MCTS algorithm for ULTIMATE Tic-Tac-Toe

Tic-Tac-Toe was too easy …
You can win this time.

Ultimate Tic-tac-toe

Ultimate tic-tac-toe is a board game composed of nine tic-tac-toe boards arranged in a 3 × 3 grid. Players take turns playing in the smaller tic-tac-toe boards until one of them wins in the larger tic-tac-toe board.

The game starts with X playing wherever they want in any of the 81 empty spots. This move “sends” their opponent to its relative location. For example, if X played in the top right square of their local board, then O needs to play next in the local board at the top right of the global board. O can then play in any one of the nine available spots in that local board, each move sending X to a different local board.

If a move is played so that it is to win a local board by the rules of normal tic-tac-toe, then the entire local board is marked as a victory for the player in the global board.

Once a local board is won by a player or it is filled completely, no more moves may be played in that board. If a player is sent to such a board, then that player may play in any other board.

Monte Carlo Tree Search

Monte Carlo Tree Search (MCTS) is a search technique in the field of Artificial Intelligence (AI).

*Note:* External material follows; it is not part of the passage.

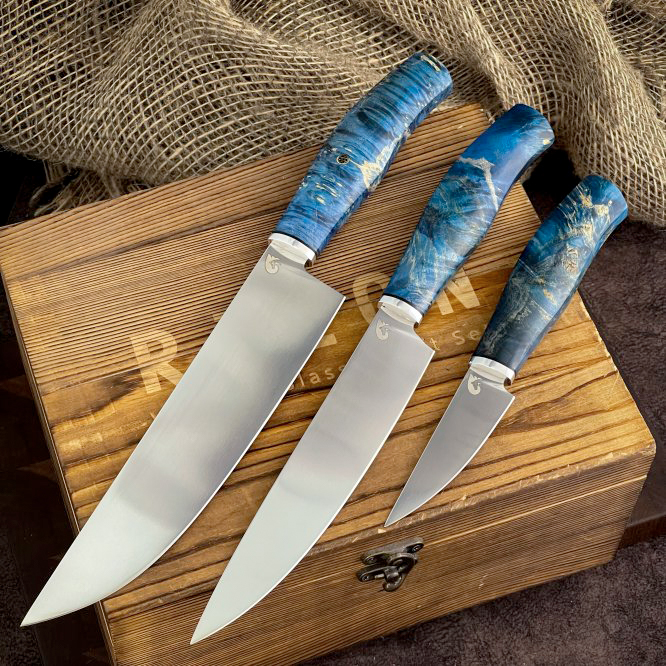 В набор входят следующие ножи:нож "Поварской" нож "Овощной" нож "Овощной малый"Нож «Пова...

The focus of MCTS is on the analysis of the most promising moves, expanding the search tree based on random sampling of the search space. The application of Monte Carlo tree search in games is based on many playouts. In each playout, the game is played out to the very end by selecting moves at random. The final game result of each playout is then used to weight the nodes in the game tree so that better nodes are more likely to be chosen in future playouts.

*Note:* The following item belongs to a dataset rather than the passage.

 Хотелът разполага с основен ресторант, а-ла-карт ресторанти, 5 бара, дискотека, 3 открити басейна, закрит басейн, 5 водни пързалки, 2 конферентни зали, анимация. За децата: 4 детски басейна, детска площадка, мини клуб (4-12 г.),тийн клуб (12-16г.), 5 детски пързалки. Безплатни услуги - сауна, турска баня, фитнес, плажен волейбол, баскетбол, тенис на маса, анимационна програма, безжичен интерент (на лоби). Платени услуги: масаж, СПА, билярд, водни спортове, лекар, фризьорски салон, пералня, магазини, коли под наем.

Each round of Monte Carlo tree search consists of four steps:

Selection: Start from root $R$ and select successive child nodes until a leaf node $L$ is reached. The root is the current game state and a leaf is any node that has a potential child from which no simulation (playout) has yet been initiated.

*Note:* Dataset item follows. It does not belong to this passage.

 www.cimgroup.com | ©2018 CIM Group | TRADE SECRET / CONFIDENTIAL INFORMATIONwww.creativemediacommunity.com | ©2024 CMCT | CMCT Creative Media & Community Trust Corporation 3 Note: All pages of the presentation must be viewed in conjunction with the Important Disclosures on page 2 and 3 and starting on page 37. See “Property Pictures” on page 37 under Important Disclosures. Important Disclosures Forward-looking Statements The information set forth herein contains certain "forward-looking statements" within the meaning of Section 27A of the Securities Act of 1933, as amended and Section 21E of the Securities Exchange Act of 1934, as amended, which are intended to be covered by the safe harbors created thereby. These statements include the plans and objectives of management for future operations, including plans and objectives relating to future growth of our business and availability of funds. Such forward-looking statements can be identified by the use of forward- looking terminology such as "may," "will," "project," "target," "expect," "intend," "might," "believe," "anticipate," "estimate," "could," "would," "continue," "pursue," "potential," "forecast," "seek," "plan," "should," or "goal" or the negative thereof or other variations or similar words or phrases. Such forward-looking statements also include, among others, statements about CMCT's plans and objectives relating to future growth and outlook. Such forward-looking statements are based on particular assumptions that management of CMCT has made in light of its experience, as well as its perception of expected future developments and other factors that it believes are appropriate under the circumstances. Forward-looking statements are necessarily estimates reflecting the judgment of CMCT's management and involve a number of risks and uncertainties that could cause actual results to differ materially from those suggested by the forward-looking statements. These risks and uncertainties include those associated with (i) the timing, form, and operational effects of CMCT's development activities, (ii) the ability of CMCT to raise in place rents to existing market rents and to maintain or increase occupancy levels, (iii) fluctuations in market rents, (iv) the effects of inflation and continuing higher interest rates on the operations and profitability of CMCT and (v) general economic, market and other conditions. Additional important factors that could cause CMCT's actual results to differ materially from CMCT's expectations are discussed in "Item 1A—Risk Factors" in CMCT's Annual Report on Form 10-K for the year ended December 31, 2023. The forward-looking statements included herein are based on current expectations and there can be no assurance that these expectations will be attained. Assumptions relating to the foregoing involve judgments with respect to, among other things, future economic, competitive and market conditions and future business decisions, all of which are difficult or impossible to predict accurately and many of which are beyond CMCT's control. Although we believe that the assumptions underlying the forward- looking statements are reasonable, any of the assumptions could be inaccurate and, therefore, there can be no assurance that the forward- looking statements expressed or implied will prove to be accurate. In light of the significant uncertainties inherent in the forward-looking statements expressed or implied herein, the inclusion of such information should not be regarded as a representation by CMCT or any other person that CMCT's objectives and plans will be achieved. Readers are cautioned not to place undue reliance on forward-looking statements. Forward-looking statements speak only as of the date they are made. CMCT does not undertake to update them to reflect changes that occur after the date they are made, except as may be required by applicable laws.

Expansion: Unless L ends the game decisively (e.g. win/loss/draw) for either player, create one (or more) child nodes and choose node C from one of them. Child nodes are any valid moves from the game position defined by L.

Simulation: Complete one random playout from node C. A playout may be as simple as choosing uniform random moves until the game is decided (for example in chess, the game is won, lost, or drawn).

Backpropagation: Use the result of the playout to update information in the nodes on the path from C to R.

This graph shows the steps involved in one decision, with each node showing the ratio of wins to total playouts from that point in the game tree for the player that the node represents. In the Selection diagram, black is about to move. The root node shows there are 11 wins out of 21 playouts for white from this position so far. It complements the total of 10/21 black wins shown along the three black nodes under it, each of which represents a possible black move.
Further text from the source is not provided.